AJ Pollock (right) and Jose Abreu celebrate the 5-3 victory against the Tigers at Guaranteed Rate Field. Pollock culminated a productive series against the Tigers with a solo homer and a double.

Quinn Harris/Getty Images

After toying with the weaklings of the American League Central, the White Sox know they must at least maintain their improved play this week against the division-leading Astros and Guardians at less than full strength.

“We have to start winning series and then we can sweep the team, especially with the team coming in,” Lance Lynn said Sunday after pitching the Sox to a 5-3 victory that completed a three-game sweep of the Tigers. “Hopefully we can keep riding high. We have a good team coming in this week, so we have to keep playing good baseball.”

The Sox (59-56), who remained 2½ games behind the first-place Guardians in the AL Central, will open a four-game series Monday night against an Astros team that looks as formidable as it did when it eliminated them in the 2021 playoffs en route to the league title. A weekend trip to Cleveland to face the Guardians also awaits the Sox.

The Astros (75-41) possess the AL’s best record and lowest ERA (3.02) and are third in runs (525).

The Sox, already without All-Star shortstop Tim Anderson for perhaps the rest of the season, hope center fielder Luis Robert’s left wrist sprain heals enough for him to return to the lineup after missing the last two games.

AJ Pollock filled in sufficiently for Anderson at the top of the order by hitting his second home run in as many games and sparking the winning rally in the fifth with a double.

“We have to keep things rolling,” said Andrew Vaughn, whose fielder’s choice scored the go-ahead run in the fifth and added a homer in the eighth.

“We’ve got a big series against the Astros coming up. If we can roll into that, hopefully give ourselves some momentum going forward.”

The Sox displayed a knack for scoring late in all three wins against the feeble Tigers (43-73), playing adequate defense and displaying timely pitching.

It was a contrast from last week’s disappointing series at fourth-place Kansas City, where veteran pitcher Johnny Cueto said the Sox need to “show the fire” while dropping three of four.

“Johnny said it best, ‘I want some more fire,’ ” Vaughn said. “We had some fire.
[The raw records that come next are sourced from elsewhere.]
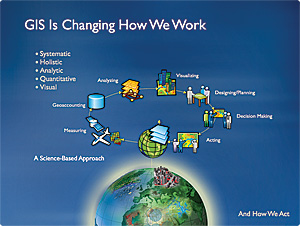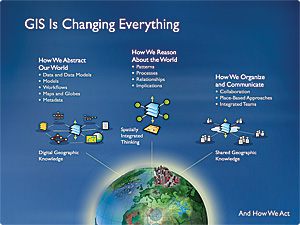 GIS is systematically organizing geographic knowledge into easily shareable information. This sharing of knowledge is changing how we communicate and collaborate. Today, integrated teams and place-based approaches are becoming the standard for complex problem solving.
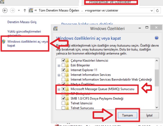- Ekranın orta kısmında yer alan özellikleri içerisinde ”Microsoft Message Queue (MSMQ) Sunucusu” alanına bulup sol tarafındaki kutucuğu işaretledikten sonra ”Tamam” dedikten sonra,
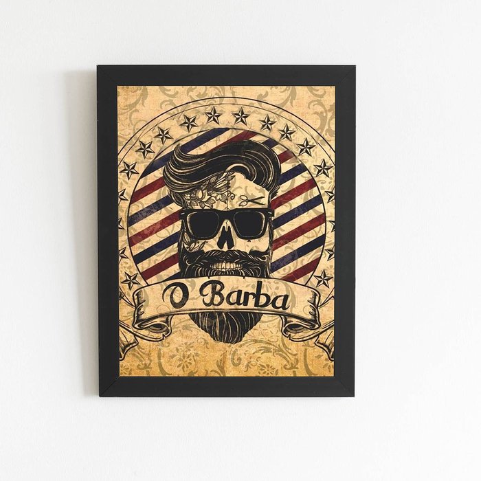 Caveira Barbearia Vintage Quadro Moldura Preta 60x40cm

It was good.”

Vaughn slammed his helmet after thinking he grounded into an inning-ending double play to end the fifth, but first baseman Kody Clemens dropped a catchable throw from second baseman Willi Castro that scored Eloy Jiménez with the go-ahead run.
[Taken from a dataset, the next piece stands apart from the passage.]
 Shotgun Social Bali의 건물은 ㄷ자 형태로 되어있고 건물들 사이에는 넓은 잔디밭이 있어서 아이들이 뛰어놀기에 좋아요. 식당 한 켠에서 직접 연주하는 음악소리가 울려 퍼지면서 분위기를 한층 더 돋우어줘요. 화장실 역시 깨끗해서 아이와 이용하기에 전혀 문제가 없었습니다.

Meanwhile, La Russa said Robert was able to perform more baseball work Sunday but wouldn’t declare him ready for Monday.

“You’ve got to think about who you’ve got, not what you don’t have,” La Russa said. “It’s really critical. I was taught a long time ago, the competition is usually so fine that every edge that you have improves your chances and every edge you give up makes it tougher.

“So obviously, if we’re bemoaning not having Tim, or Tim and Luis, you’re going to lose an edge.”

After allowing an RBI double to Javier Baez, Lynn retired nine of the final 10 batters to improve to 5-0 with a 2.36 ERA in his last six starts against the Tigers.

“We got results for our effort,” La Russa said. “There are times it’s been frustrating because the ball has been hit hard. It started that way. The way Pollock hit [for an out in they first inning], ‘not again.’

“But we hung with it. If we hang with it very well, hopefully we get rewarded.”